Introduced in 2024 as a replacement for GTE Am, LMGT3 was designed to be a cost-controlled, customer-focused category sitting beneath Hypercar. It has been an immediate sporting success, attracting a full grid of 18 entries for 2026—surpassing even Hypercar in numbers and bringing together a diverse mix of manufacturers and elite GT outfits.
Yet behind the façade of a “customer championship”, the reality is more nuanced. The scale of the WEC, combined with the prestige of events such as the 24 Hours of Le Mans, makes meaningful manufacturer involvement almost unavoidable.
LMGT3 at a glance
| Category factor | Status |
|---|---|
| Intended model | Customer racing only |
| Full-season entries (2026) | 18 cars |
| Driver format | Pro-am (1 pro per car) |
| Factory teams allowed | No |
| Typical manufacturer role | Technical & driver support |
A customer class with factory fingerprints
Manufacturers such as Toyota, Mercedes, Porsche and BMW are not permitted to enter full works teams, but they remain deeply embedded in operations through technical support, engineering staff, and carefully selected partner teams.
The model relies heavily on established collaborations. Ferrari works with AF Corse, BMW with WRT, and Porsche with Manthey—organisations that blur the line between customer and factory operations while remaining technically compliant.
Driver line-ups reinforce this structure. Each entry is limited to a single professional driver, but in practice platinum or gold-rated racers often determine race outcomes in final stints, particularly at Le Mans.
Engineering influence grows
One of the most detailed insights into LMGT3’s inner workings comes from Jérôme Policand of Akkodis ASP, which operates the Lexus programme in partnership with Toyota Gazoo Racing.
He describes a highly integrated support structure:
- Five factory engineers embedded per car (performance, engine, data and systems specialists)
- Continuous data exchange with a Cologne-based spare car programme
- Shared aerodynamic and suspension development between race and factory sites
“This is not just logistical support,” Policand explained. “It is deep technical involvement in how the car performs.”
However, he also cautions that LMGT3 budgets are climbing rapidly, driven largely by global logistics rather than the cars themselves.
The cost of global GT racing
While GT3 machinery is fundamentally cost-effective compared with Hypercar prototypes, the WEC’s global footprint significantly inflates budgets.
Teams now face:
- Intercontinental travel costs
- Large technical staffing requirements (up to 15 personnel per car in WEC spec)

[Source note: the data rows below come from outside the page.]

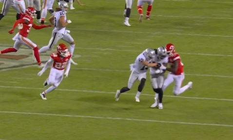 Carr gave it his all to mount a late comeback after the Raiders lost the lead, hitting Adams on a deep TD to pull within one point in the fourth quarter. But McDaniels opted to go for two rather than tie the game at 30, and the Chiefs defense held firm, stuffing an otherwise productive Josh Jacobs at the goal line. Mahomes, meanwhile, was money when targeting Kelce, who also set a team record for TD catches by a tight end.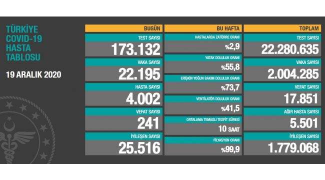 Sağlık Bakanlığı tarafından 20 Aralık koronavirüs tablosu, vaka, hasta, test, vefat sayısı ve son durum açıklandı.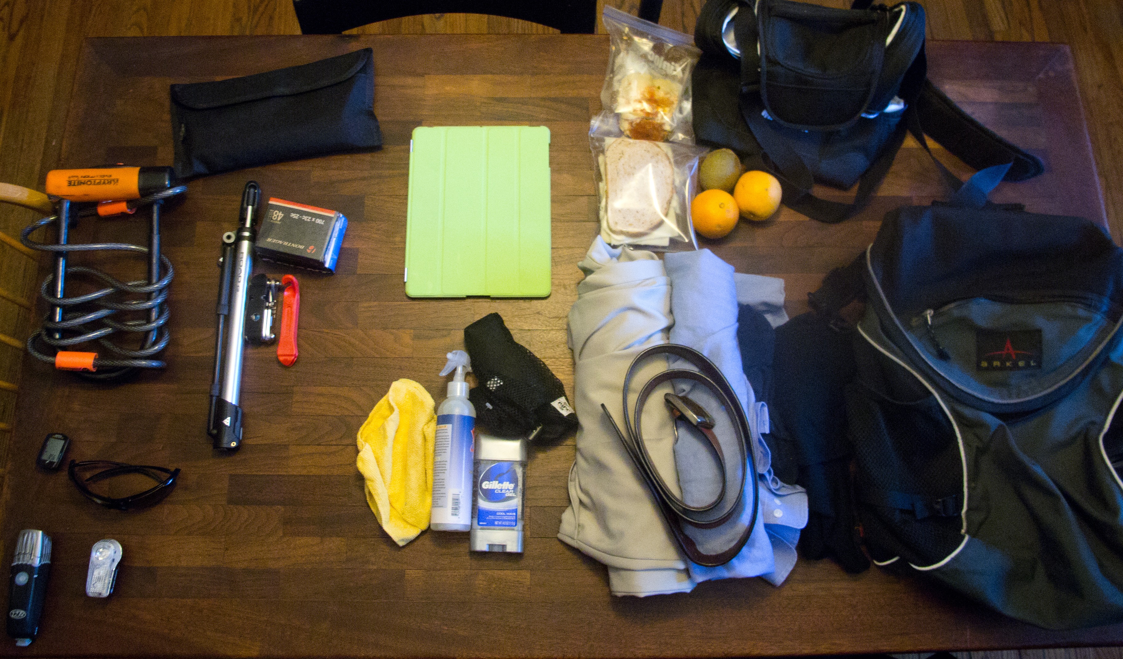 So far in my little experiment, I’ve really only been bicycling between home and work, which isn’t really a big change for me except that it’s my only option now. However, because I’m now completely reliant on the bicycle to get me around, I have been attempting to make myself absolutely prepared for as many problems as possible. I’m glad I did, since yesterday I had a nasty multiple puncture flat which thanks to equipment and planning was easily handled. In light of this and because for some reason I’m personally always fascinated by “what’s in my bag” posts, here are my commuting bag contents: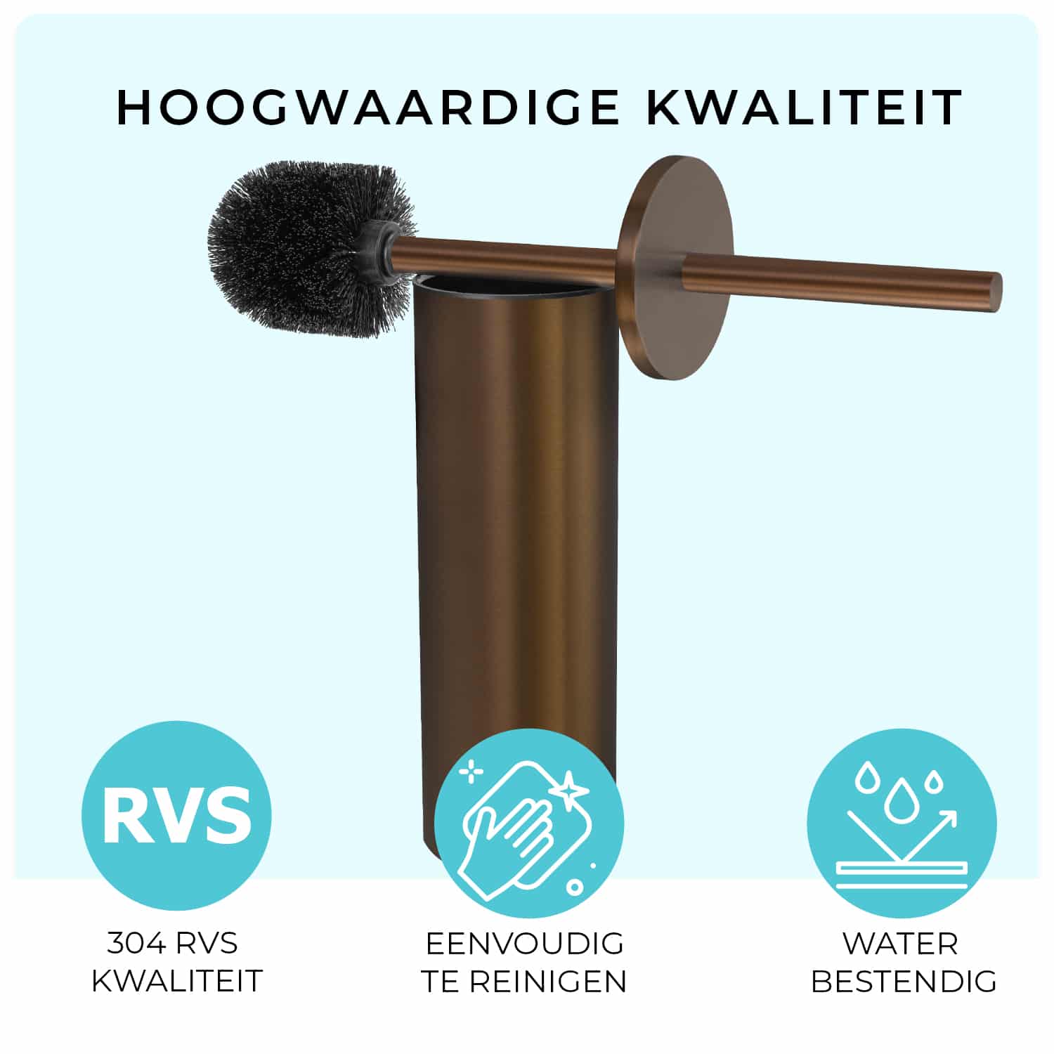 De VDN Stainless toiletborstel met houder in koperkleur is een stijlvolle en hygiënische oplossing voor elke moderne toiletruimte. Deze toiletborstelhouder combineert een luxe uitstraling met praktisch gebruiksgemak en draagt bij aan een nette en verzorgde badkamer of toilet. De houder is vervaardigd uit hoogwaardig roestvast staal (RVS) en is uitstekend geschikt voor gebruik in vochtige ruimtes. De toiletborstel is voorzien van een ronde afsluitdeksel die perfect aansluit op de houder, waardoor de borstel discreet wordt opgeborgen. Daarnaast beschikt de houder over een uitneembare binnenpot die vuil en vocht opvangt, wat zorgt voor een hygiënische en eenvoudige reiniging. De warme koperen afwerking geeft het geheel een moderne en luxe uitstraling.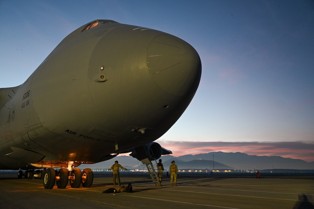 433rd Airlift Wing Citizen Airmen perform pre-flight checks on C-5M Super Galaxy in preparation for a mission supporting Exercise Southern Star ‘25 at Arturo Merino Benitez International Airport in Santiago, Chile, June 1, 2025. (U.S. Air Force photo by Julian Hernandez)

- Complex logistics comparable to prototype racing
Policand warns that LMGT3 is approaching a financial threshold that risks undermining its original purpose if not carefully controlled.
Manufacturers: necessary, but controversial
From Mercedes’ perspective, LMGT3 would not function without manufacturer backing—but defining its limits is difficult.
Stefan Wendl of Mercedes-AMG Customer Racing argues that the category must remain flexible:
“Different levels of support exist naturally. The market will regulate itself over time.”
Others, including Manthey Racing—Porsche’s dominant LMGT3 partner—stress that success still depends on execution rather than hidden factory advantage.
Manthey managing director Nicolas Raeder insists:
“We are a customer team. Porsche does not run the operation—we do. The success comes from collaboration, not control.”
The central question
At its core, LMGT3 sits in a grey zone. Manufacturers are essential for competitiveness, yet overt factory dominance would undermine its identity as a customer series.
A compromise appears to be emerging:
- Manufacturers provide technical and driver support
- Teams remain operationally independent
- Budgets and staffing are capped by regulation and practicality
As Patrick Arkenau of Manthey puts it:
“LMGT3 must remain a true customer championship. Teams should prove themselves—not operate as disguised factory entries.”
A category at a crossroads
LMGT3 has succeeded in attracting grids, manufacturers, and fan interest. But its long-term stability will depend on maintaining a careful balance: enough factory support to keep competition fierce, but not so much that it becomes an arms race in disguise.
As the 2026 season begins, that balance has never been more important—or more difficult to maintain.